The People’s Climate March, An Opportunity to Change Course

With world leaders gathering on September 21 for the United Nation Climate Summit in New York City, activists have also been busy preparing for The People’s Climate March, a historic gathering that has the endorsement of nearly 1,000 organizations including unions, faith communities, social justice organizations, and schools.

Activists are fully aware that a top-down approach alone will not solve some of the biggest environmental crises. The Climate March will be an opportunity to galvanize media attention and resources, and to ensure more voices are at the table.

“Climate change affects all of us, but it disproportionately impacts those in the Global South, communities of color, and working class communities in the U.S. These are the communities that battle with climate change for months, sometimes years, after a climate disaster strikes,” Marc Weiss, North Star Fund donor and long-time activist, expressed.

“The People’s Climate March is an opportunity to be part of something inspirational and transformational.
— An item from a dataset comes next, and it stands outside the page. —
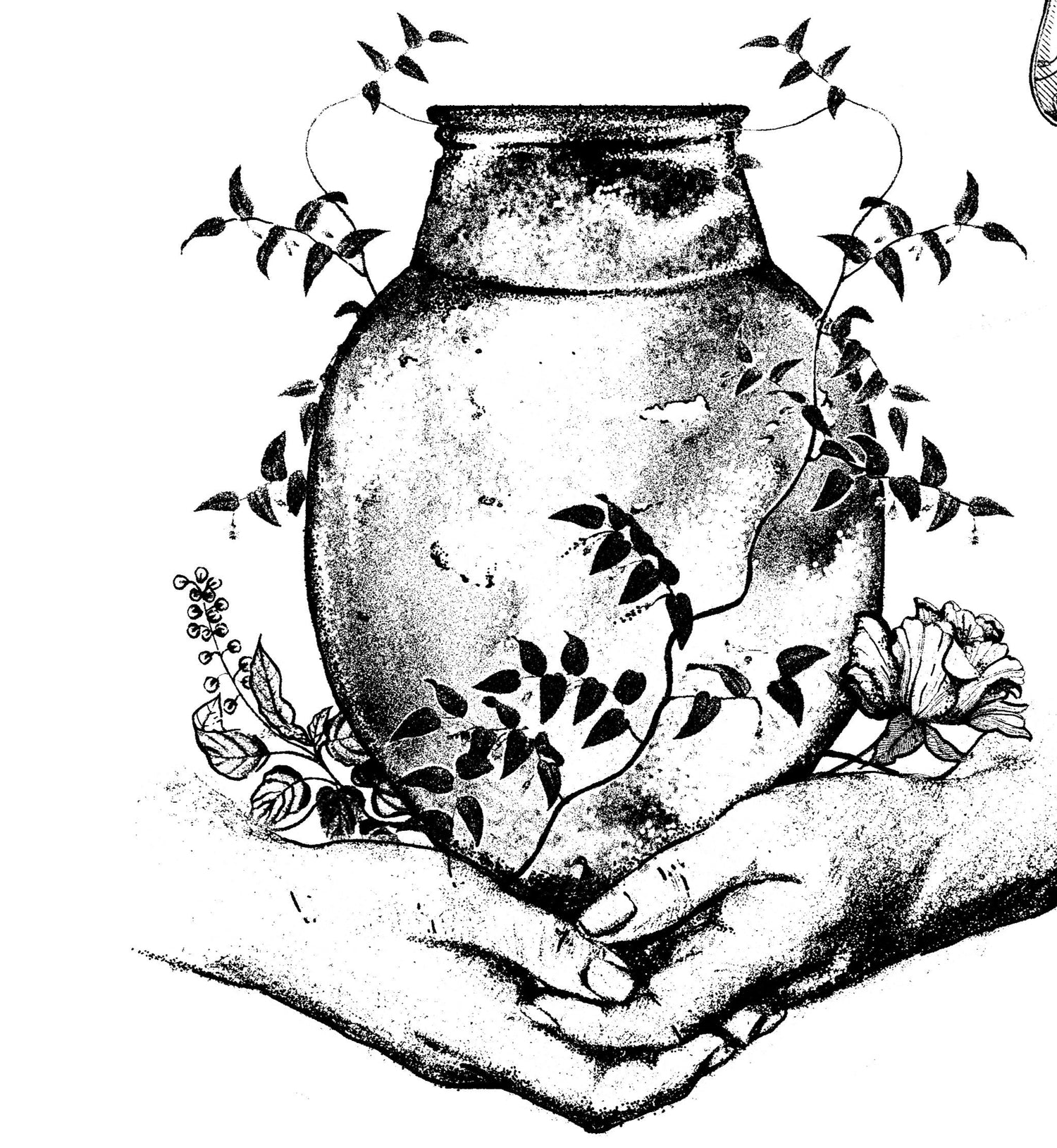 - Una jarra de barro, con flores naturales.

Like the women’s movement and civil rights movement, this is an opportunity to be part of something that could change the course of history,” Weiss continued.

While it matters immensely what governments and big environmental organizations do to shift policy, change has always demanded a groundswell of people, from all walks of life, investing time, energy, and resources.

Many groups entered the environmental justice movement out of necessity and have since made it a central to their organizing. North Star Fund grantees such as CAAAV Organizing Asian Communitiesfound themselves on the frontlines of relief efforts in the aftermath of Hurricane Sandy, given the desperate need to distribute food and emergency supplies to Chinatown residents, in the absence of formal relief. Other North Star Fund grantees such as Rockaway Wildfire are continuing to fight for resources to rebuild their homes, in neighborhoods where poverty was exacerbated in the wake of Hurricane Sandy.

North Star Fund grantee Damayan has also taken leadership around climate justice issues. Environmental policies including gas emissions, corporate agribusiness, mining, logging and over-fishing has everything to do with the migration of 4,700 Filipinos who are mostly finding jobs as domestic workers in New York City. “We are organizing our members because we know first-hand that climate justice affects everyone, and harsh environments overseas force people to leave their families. We are organizing because we want people to understand these connections,” noted Linda Oalican, Damayan Overall Coordinator.

Stephen Roberson, Organizing Director at Community Voices Heard, a former North Star Fund grantee shared, “We are gathering key leaders from across the five boroughs including public housing residents and folks in workforce development programs. We are mobilizing individuals in upstate New York including Poughkeepsie, Newburgh, Yonkers, Peekskill, White Plains, and Mount Vernon. While climate change affects everyone, it is poor and working people who are the most defenseless. They can’t just move or rebuild. When mold grows and asthma takes hold and incineration units are built on their block, poor and working people have nowhere to go. We are training our members to keep an eye on what’s happening in their neighborhoods, so they won’t be victim to bad policies, and we’re mobilizing them to get their stories out there and to march. Their lives, their futures, are at stake.”

In addition to The People’s Climate March, events will be organized around the city from challenging fossil fuels and fracking to organizing around food security and disaster preparedness. North Star Fund in partnership with Global Greengrants Fund and Bolder Giving is hosting a panel on Tuesday, September 23, on Women and Climate Justice, withHelena Wong, Global Grassroots Justice National Organizer and former executive director of CAAAV Organizing Asian Communities in N.Y.C., Ursula Rakova, executive director of Tulele Peisa, a community organization in Papua New Guinea, Regan Pritzker, a board member of the Libra Foundation, a family foundation dedicated to women’s rights and environmental and social justice, and Amy Goodman, the host and executive producer of Democracy Now! 

As the discussions around climate change take on increased urgency, North Star Fund will continue to leverage its resources to ensure that grassroots activists have a seat at the table and help shape policies that will impact New York City for years to come.